Probablemente habría saltado alguno de los automáticos o quizá el general pero
no le quedaba más remedio que ir a comprobarlo, así que cogió su linterna y se
encaminó hacia el sótano donde se encontraba el cuadro eléctrico. Al abrir la
portezuela se dio cuenta que el diferencial general estaba hacia abajo.
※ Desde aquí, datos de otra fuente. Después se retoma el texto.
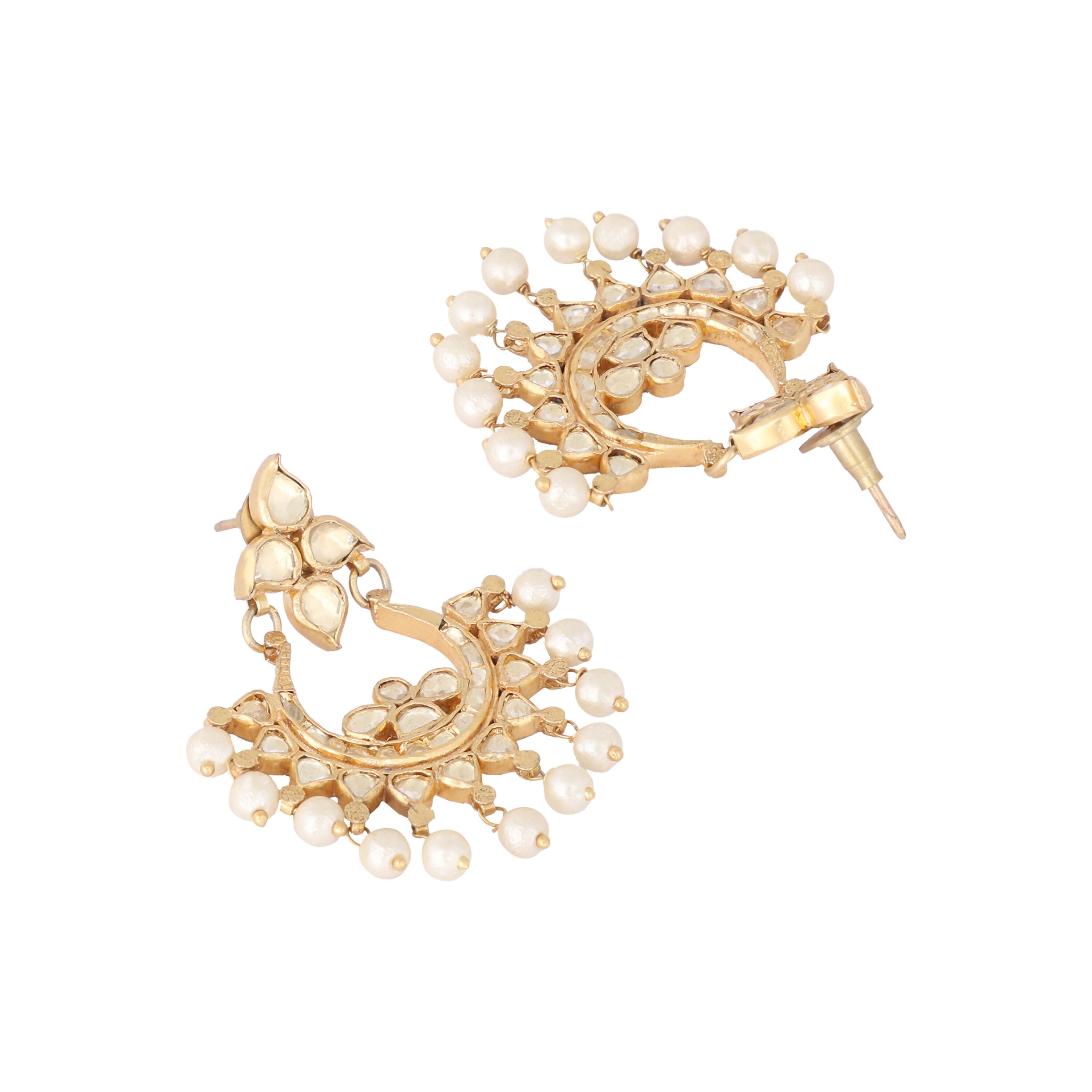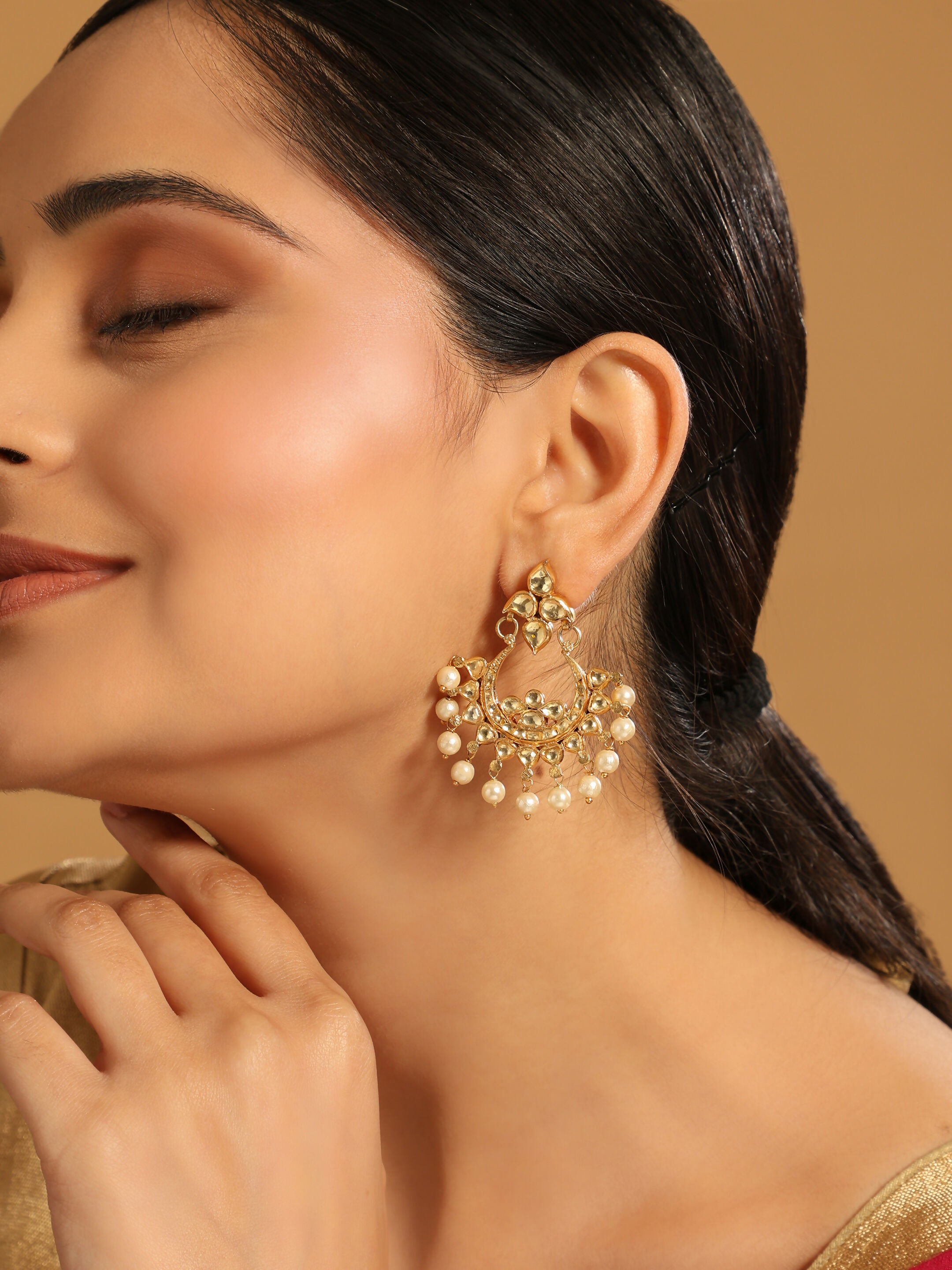 Nuyug 18k Gold-Plated American Diamonds Studded Contemporary Shaped Dangler Earrings

—Maldito edificio. —masculló entre dientes. Cuando no fallaba una cosa se
estropeaba otra. Asió el automático con las dos manos y lo impulsó hacia
arriba. En ese momento las manos se le quedaron pegadas y a continuación una
enorme descarga lo lanzó de espaldas varios metros. Cuando abrió los ojos se
dio cuenta de que se encontraba en la cama de un hospital. Había perdido las
dos extremidades hasta la altura de los codos a consecuencia de la brutal
descarga. Aun así, estaba de suerte. El cirujano tenía previsto el implante de
unos brazos procedentes de un cadáver, cuando Héctor estuviera un poco más
recuperado. Unas semanas después la operación se llevaba a cabo. Tras un año y
medio de rehabilitación, Héctor tenía una movilidad con sus nuevas extremidades
de más del sesenta por ciento, lo que aunque con ciertas dificultades, le
permitía poder hacer las cosas básicas como asearse o poder comer. Incluso
había vuelto a ocupar su antiguo puesto como vigilante en la empresa donde
trabajaba. A veces, cuando se miraba las manos, inmediatamente ponía en
práctica un ejercicio mental que le había enseñado el psicólogo, para que no se
traumatizara.
Ese
viernes decidió quedarse a ver una película antes de irse a dormir. Desde que
sufrió el accidente ya no hacía el turno de noche y el fin de semana no
trabajaba, así que no tenía que madrugar. Apagó la luz, se recostó en el sofá y
le dio al <<Play>> de su reproductor. No habían transcurrido
siquiera unos minutos de película y ya se había quedado dormido. La sensación
de que alguien tiraba de sus manos, le
hizo abrir los ojos. Entonces lo vio. Fue tan solo una fracción de segundo,
pero le había parecido ver a un hombre alto frente a él, sin brazos. El corazón
comenzó a latirle con tanta fuerza que parecía que se le iba a salir por la
boca. Estuvo intentando racionalizar las cosas. Vivía demasiado obsesionado
desde que le trasplantaron esos brazos y necesitaba no pensar tanto en ello.
Apagó el televisor y se acostó. Dormir le vendría bien y además lo necesitaba.
La luz de las farolas de la calle se filtraba a través de los visillos
permitiendo la visión, sin molestar para conciliar el sueño. La respiración de
Héctor comenzaba a ser pausada lo que indicaba que se estaba empezando a
dormir. La sábana comenzó a deslizarse hacia sus pies destapándolo. Abrió los
ojos de golpe y volvió a verlo de nuevo. Esta vez no era una alucinación. Allí
estaba el hombre sin brazos que había visto en el salón. Desde el rincón de la
habitación le miraba fijamente. El miedo tan aterrador que sentía lo tenía
clavado en la cama. La sangre golpeaba sus sienes tan violentamente que tenía
la sensación de que le iba a estallar la cabeza.
Tres
días después encontraron el cadáver de Héctor en su cama. El forense que
certificó su muerte puso en el informe que la causa había sido un infarto
fulminante y comentó con su ayudante que jamás en todos los años que llevaba
como profesional, había visto una cara de espanto tan aterradora. Al día
siguiente de la muerte de Héctor, los periódicos daban la noticia del fallecimiento
por atropello del jefe de cirugía de un renombrado hospital. Lamentaban la
muerte de uno de los mejores cirujanos destacando alguno de los trasplantes
imposibles que había realizado con éxito. La Familia agradece las muestras de
condolencia y ruega una oración por su alma. D.E.P.